# [Exercise goal]
Beginning with the line that holds "Mały pluszowy miś" in the data below, give again every line through the one that holds "Calendários de jogos e Resultados", exactly as written.

# [Extracted entries]
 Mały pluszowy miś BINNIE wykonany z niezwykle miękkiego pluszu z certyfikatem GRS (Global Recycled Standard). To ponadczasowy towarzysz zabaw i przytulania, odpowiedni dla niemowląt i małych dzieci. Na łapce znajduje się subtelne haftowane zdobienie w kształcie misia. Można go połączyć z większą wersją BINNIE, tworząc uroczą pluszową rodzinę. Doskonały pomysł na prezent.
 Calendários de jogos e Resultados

--

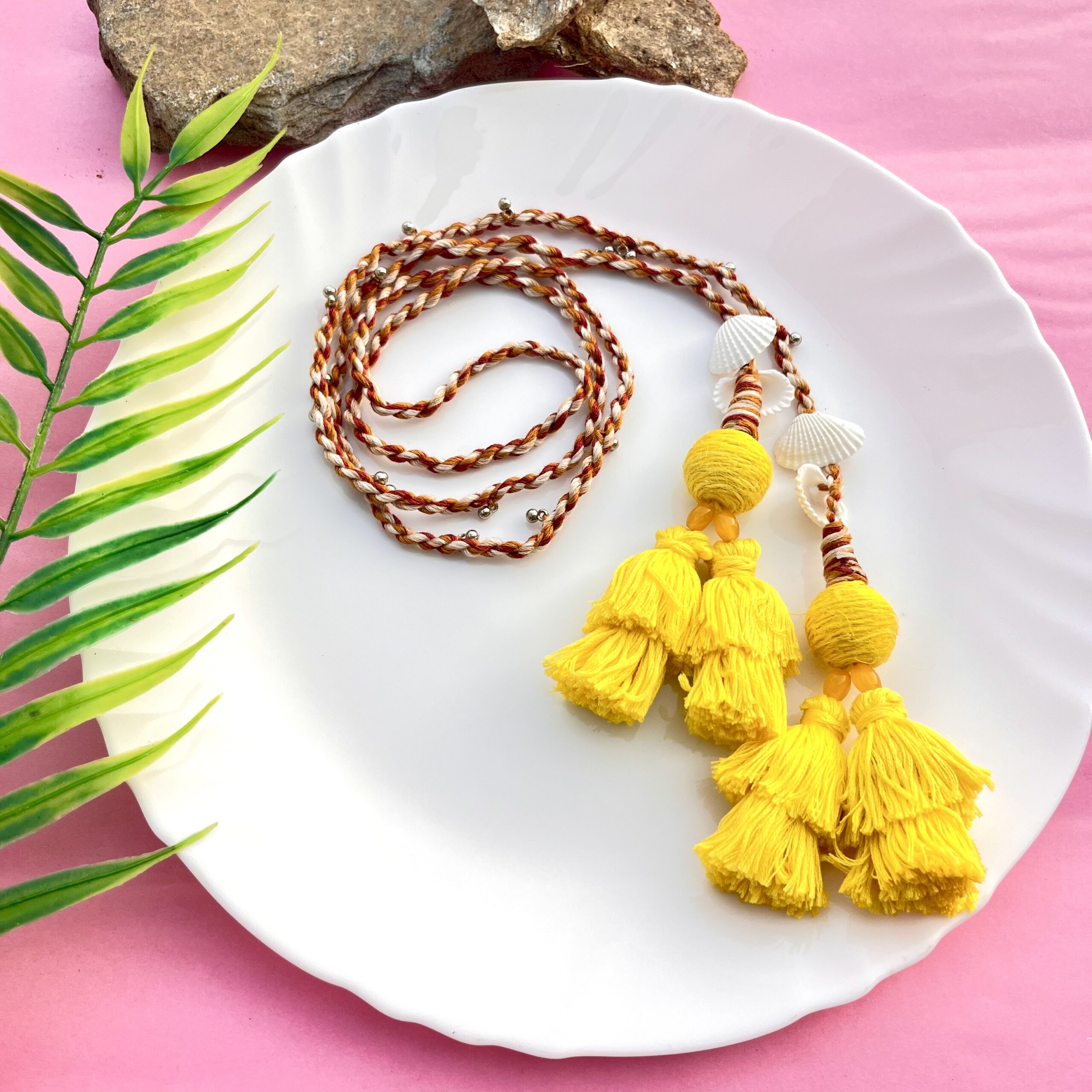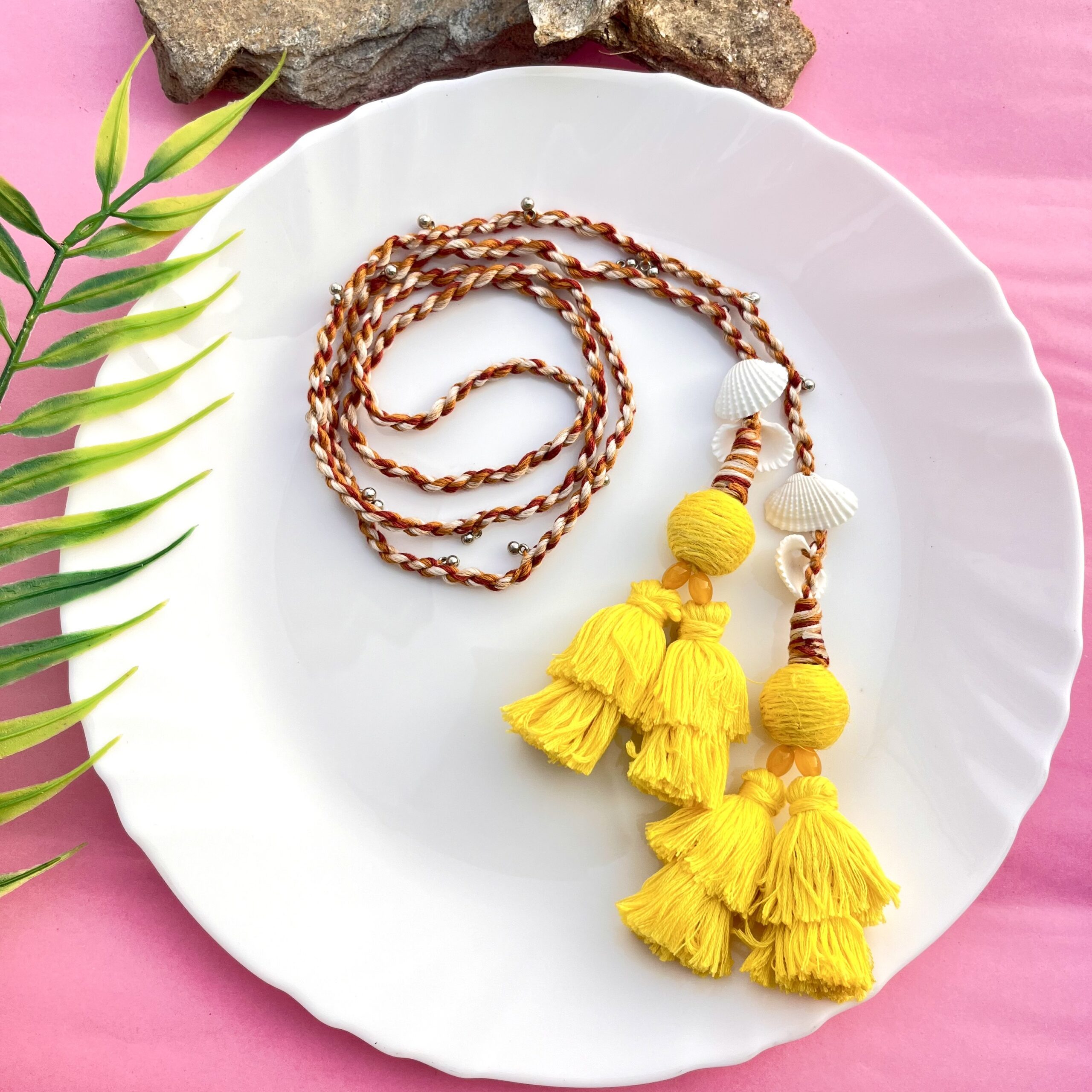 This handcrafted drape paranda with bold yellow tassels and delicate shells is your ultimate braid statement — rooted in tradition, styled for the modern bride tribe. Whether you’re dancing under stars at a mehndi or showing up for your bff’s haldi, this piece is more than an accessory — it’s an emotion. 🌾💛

--

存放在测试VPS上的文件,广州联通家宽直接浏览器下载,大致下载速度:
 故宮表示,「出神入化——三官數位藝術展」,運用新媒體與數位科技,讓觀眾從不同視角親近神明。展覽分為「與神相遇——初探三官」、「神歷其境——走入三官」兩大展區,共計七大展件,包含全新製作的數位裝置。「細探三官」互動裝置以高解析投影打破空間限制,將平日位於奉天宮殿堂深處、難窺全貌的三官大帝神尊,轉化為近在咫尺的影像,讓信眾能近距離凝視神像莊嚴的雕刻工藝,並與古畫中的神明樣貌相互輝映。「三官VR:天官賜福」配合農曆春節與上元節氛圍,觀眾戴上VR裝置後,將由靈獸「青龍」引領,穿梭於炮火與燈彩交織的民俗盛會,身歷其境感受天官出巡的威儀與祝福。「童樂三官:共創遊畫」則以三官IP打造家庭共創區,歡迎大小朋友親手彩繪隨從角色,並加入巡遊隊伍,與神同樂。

# [Task answer]
 Mały pluszowy miś BINNIE wykonany z niezwykle miękkiego pluszu z certyfikatem GRS (Global Recycled Standard). To ponadczasowy towarzysz zabaw i przytulania, odpowiedni dla niemowląt i małych dzieci. Na łapce znajduje się subtelne haftowane zdobienie w kształcie misia. Można go połączyć z większą wersją BINNIE, tworząc uroczą pluszową rodzinę. Doskonały pomysł na prezent.
 Calendários de jogos e Resultados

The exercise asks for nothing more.